Personal information
- Born: January 17, 1929 Hanover, Pennsylvania, U.S.
- Died: April 8, 2016 (aged 87) Newtown Township, Pennsylvania, U.S.
- Listed height: 6 ft 0 in (1.83 m)
- Listed weight: 193 lb (88 kg)

Career information
- High school: LaPorte (La Porte, Indiana)
- College: Northwestern
- NFL draft: 1952: 9th round, 103rd overall pick

Career history
- Washington Redskins (1952–1955); Pittsburgh Steelers (1956–1959);

Awards and highlights
- Pro Bowl (1954);

Career NFL statistics
- Interceptions: 30
- Fumble recoveries: 6
- Stats at Pro Football Reference

= Dick Alban =

American football player (1929–2016)

Richard Herbert Alban (January 17, 1929 – April 8, 2016) was an American professional football defensive back who played eight seasons for the Washington Redskins and Pittsburgh Steelers in the National Football League (NFL).

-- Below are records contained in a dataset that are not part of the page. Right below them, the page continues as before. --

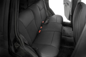 Want to protect your seats or are your seats showing signs of wear and tear from daily use? Say goodbye to unsightly stains and deterioration with Rough Country's Neoprene Seat Covers - the ultimate solution for preserving your vehicle's interior. Snug Fit for Optimal Protection: Our seat covers are tailored to fit your seats perfectly, providing a protective barrier against spills, scratches, and everyday wear and tear. Factory-Spec Construction: Engineered to meet factory specifications, our covers blend seamlessly with your vehicle's interior, giving it a fresh, new look without compromising on quality or style. Four-Layer Defense: With a four-layer construction featuring foam padding and a durable polyester shell, our seat covers offer unmatched protection and longevity, ensuring your seats stay looking new for years to come. Breathable and Water-Resistant: The neoprene layer not only provides breathability for added comfort but also boasts water-resistant properties, safeguarding your seats from spills and stains. Complete Coverage: Our covers come with full protection for your front seats, including headrest covers where applicable, as well as rear covers to shield your back seats from children and pet-related mishaps. Peace of Mind Warranty: Rest easy knowing your purchase is backed by our two-year warranty, giving you confidence in the durability and reliability of our product. Don't let worn-out seats diminish your driving experience. Upgrade to Neoprene Seat Covers today and enjoy a fresh, stylish interior that's protected against the rigors of daily life on the road.
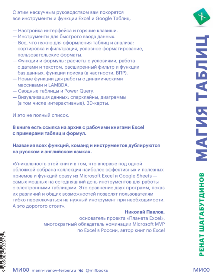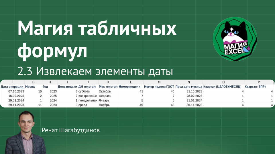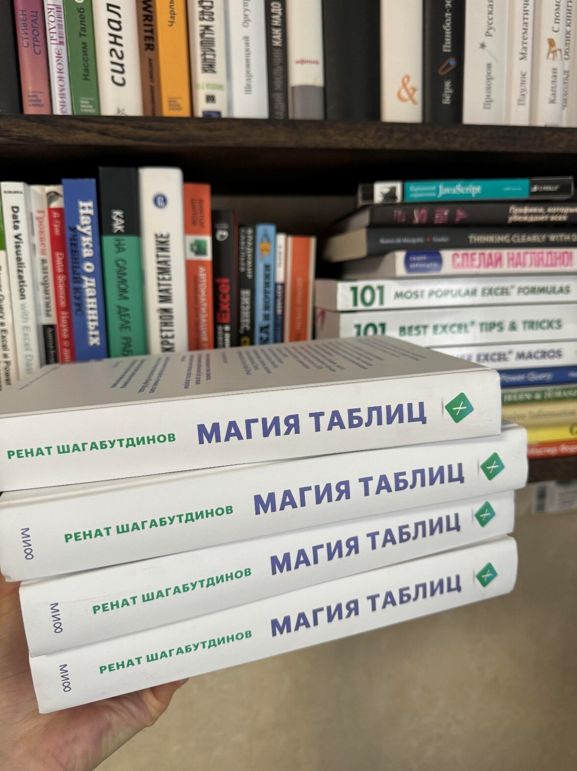 Привет! Вот что ждет вас сегодня. Табличное: мой очный тренинг по табличным формулам в Москве 24−25 мая, новые бесплатные видеоуроки, про хорошую книгу о Power Pivot и 3 правила структурирования данных оттуда, про символы подстановки в Excel. Жизненное: про освоение новых навыков — цитаты из интересной книги. И советы — как читать больше. | | | | Третье издание «Магии таблиц» | | | Завершается работа над третьим изданием моей книги. Очень рад, что на обложке будет отзыв главного (на мой взгляд) экселье России, многократного обладателя звания MVP Николая Павлова (я сам учился когда-то в первые годы работы по его статьям, а впоследствии ходил и на обучение и читал замечательные книги): | | | | А второй тираж закончился! Может, в отдельных магазинах и остается кое-что, но из издательства я забрал последние экземпляры, чтобы подарить участникам очного тренинга в мае (о котором далее) | | | | Оффлайн-тренинг в Москве по Excel | | | Оффлайн-тренингу в Москве быть! Тема: « Табличные формулы для продолжающих» 24−25 мая в Москве Я буду учитывать уровень и пожелания всех, потому что компьютерный класс небольшой — 15 человек максимум. 3 места из 15 уже заняты по состоянию на второй день после анонса, когда я пишу эту рассылку. Вот в таком классе будем учиться: | | | Так что будем работать интенсивно, все сразу отрабатывать вместе и обсуждать. Живое обучение — это самый приятный и интенсивный формат! Обожаю и учиться, и проводить обучение так. Кратко программа вот:— Краткий ликбез по формулам: функции, ссылки, ошибки, формулы массива — Логические формулы и функции. Проверка данных и условное форматирование с формулами — Функции для работы с датами — Функции для работы с текстом — Расчеты с условиями (от СУММЕСЛИМН до элементов управления — флажки, кнопки — в сочетании с формулами) — Поиск данных и объединение таблиц — Новые функции Office 365 и Google Таблиц А подробнее по ссылке ( https://shagabutdinov.ru/formulas-offline). Какой уровень нужен? Предполагается, что пальцы ваши неоднократно касались клавиши F4 и вы писали хотя бы минимально простые формулы ( СУММировали что-то или даже от ВПРили таблицу-другую). Если есть сомнения — пишите мне, обсудим. — До 10 апреля действует скидка 3 000₽— Первые 10 участников получат книгу в подарок! — В обучение включены кофе-брейки. Будут ноутбуки с 2021 офисом, но в идеале взять свой с Microsoft 365 и/или Google Таблицами, чтобы попрактиковаться с новыми функциями. Исходные, готовые файлы и сотня-другая слайдов с материалами по всем темам. — Если вы решите отказаться от обучения, потому что вам не понравится, это можно сделать в первом перерыве первого дня с возвратом полной стоимости. — Если вы хотите участвовать, напишите на renat@shagabutdinov.ru. Я пришлю ссылку на оплату онлайн. А также задам вам несколько вопросов про ваш уровень, планы и рабочие задачи, чтобы учесть это и сделать обучение максимально полезным для всех. — Если ваше обучение оплачивает организация — оформим договор, счет и акт. Пишите на почту renat@shagabutdinov.ru или оставляйте заявку на сайте, чтобы забронировать место! | | | В этом видео про то, как извлечь из даты месяц, год, квартал, номер недели и день недели, последний день месяца. Заодно по ходу дела — несколько полезных горячих клавиш и ВПР с таблицей внутри формулы. А также для подписчиков уже доступно новое видео про функции для вычислений с рабочими днями и производственный 
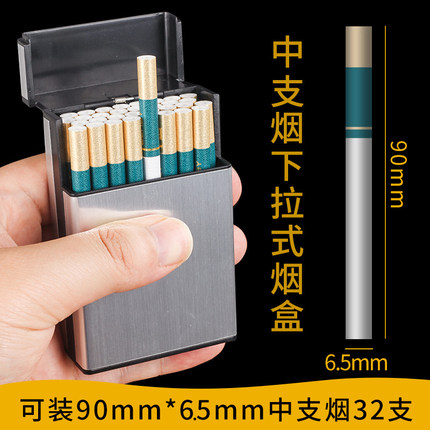 32支装大容量下拉弹盖6.5mm中支塑料烟盒男女士时尚便携创意烟合
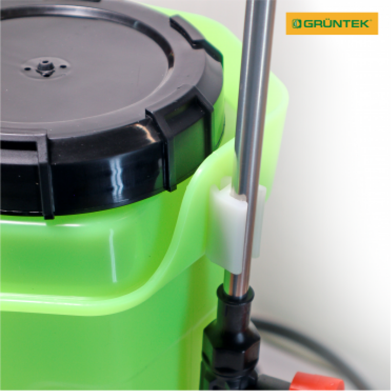 Обприскувач акумуляторний GRUNTEK BS-12-3BP - апарат, призначений для розпилення добрив, пестицидів, інших рідин. Оснащений пластиковим баком об'ємом 12 л, який розрахований на робочий тиск 1,5-4 бар. Найважливішою перевагою моделі є наявність ємного свинцевого акумулятора 8А/год / 12В, заряду якого вистачає на розпорошення 16-22 повних баків з розчином.

Alban played college football at Northwestern University, where he was used at halfback and on defense.

Alban was selected in the ninth round of the 1952 NFL draft and started all 12 games for the Redskins his rookie year. His best season came in 1954, where he finished second in the league in interceptions with nine and was selected to his only Pro Bowl. He was traded to the Steelers in 1956 and retired after the 1959 campaign.

== Early life and college ==
Alban was born in Hanover, Pennsylvania, and attended La Porte High School in La Porte, Indiana, where he graduated in 1948. While in La Porte, Alban was named to the United Press International All-State football team in 1946 and 1947. For his accomplishments, Alban was later inducted to the Indiana Football Hall of Fame in 1980.

Alban played college football for Northwestern between 1949 and 1951. Alban joined a team that won the Rose Bowl the previous year. He was injured at the start of his first season, however, Alban caught a 29-yard touchdown pass from quarterback Don Burson in a 38–20 victory against Colgate University on November 12.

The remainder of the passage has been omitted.